About this exercise
When you reach the line that contains "Plyšový přívěsek na" in the data below, start reproducing lines exactly, and stop after the line that contains "该协议的架构基于风险共担机制".

Exercise material
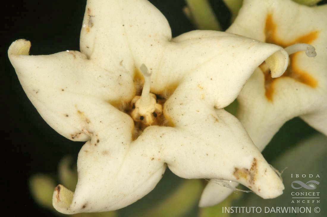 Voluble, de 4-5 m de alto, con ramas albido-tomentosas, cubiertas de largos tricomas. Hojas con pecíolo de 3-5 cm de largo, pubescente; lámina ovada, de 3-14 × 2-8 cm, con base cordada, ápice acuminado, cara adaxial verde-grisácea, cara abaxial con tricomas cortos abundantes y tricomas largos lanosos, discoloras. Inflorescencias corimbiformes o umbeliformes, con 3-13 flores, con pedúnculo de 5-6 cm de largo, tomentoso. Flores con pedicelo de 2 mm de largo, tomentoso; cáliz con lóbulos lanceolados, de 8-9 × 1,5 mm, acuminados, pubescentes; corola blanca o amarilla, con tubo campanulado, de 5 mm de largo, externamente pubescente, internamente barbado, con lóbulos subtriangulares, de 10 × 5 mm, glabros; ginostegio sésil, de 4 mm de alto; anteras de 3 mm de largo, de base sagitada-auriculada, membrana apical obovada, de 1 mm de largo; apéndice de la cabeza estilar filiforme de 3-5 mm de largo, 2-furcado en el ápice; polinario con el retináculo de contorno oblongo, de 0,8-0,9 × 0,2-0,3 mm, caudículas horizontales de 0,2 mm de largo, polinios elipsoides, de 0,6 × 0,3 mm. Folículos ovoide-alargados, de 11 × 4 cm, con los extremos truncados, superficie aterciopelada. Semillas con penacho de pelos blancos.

---

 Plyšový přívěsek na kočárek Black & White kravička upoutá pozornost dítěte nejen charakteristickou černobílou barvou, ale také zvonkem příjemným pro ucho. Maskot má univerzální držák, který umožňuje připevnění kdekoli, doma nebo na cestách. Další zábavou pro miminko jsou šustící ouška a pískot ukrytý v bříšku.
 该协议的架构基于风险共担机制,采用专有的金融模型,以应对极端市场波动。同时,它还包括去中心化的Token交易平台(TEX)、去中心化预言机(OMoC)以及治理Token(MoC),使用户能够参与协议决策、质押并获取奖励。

Output for this task
 Plyšový přívěsek na kočárek Black & White kravička upoutá pozornost dítěte nejen charakteristickou černobílou barvou, ale také zvonkem příjemným pro ucho. Maskot má univerzální držák, který umožňuje připevnění kdekoli, doma nebo na cestách. Další zábavou pro miminko jsou šustící ouška a pískot ukrytý v bříšku.
 该协议的架构基于风险共担机制,采用专有的金融模型,以应对极端市场波动。同时,它还包括去中心化的Token交易平台(TEX)、去中心化预言机(OMoC)以及治理Token(MoC),使用户能够参与协议决策、质押并获取奖励。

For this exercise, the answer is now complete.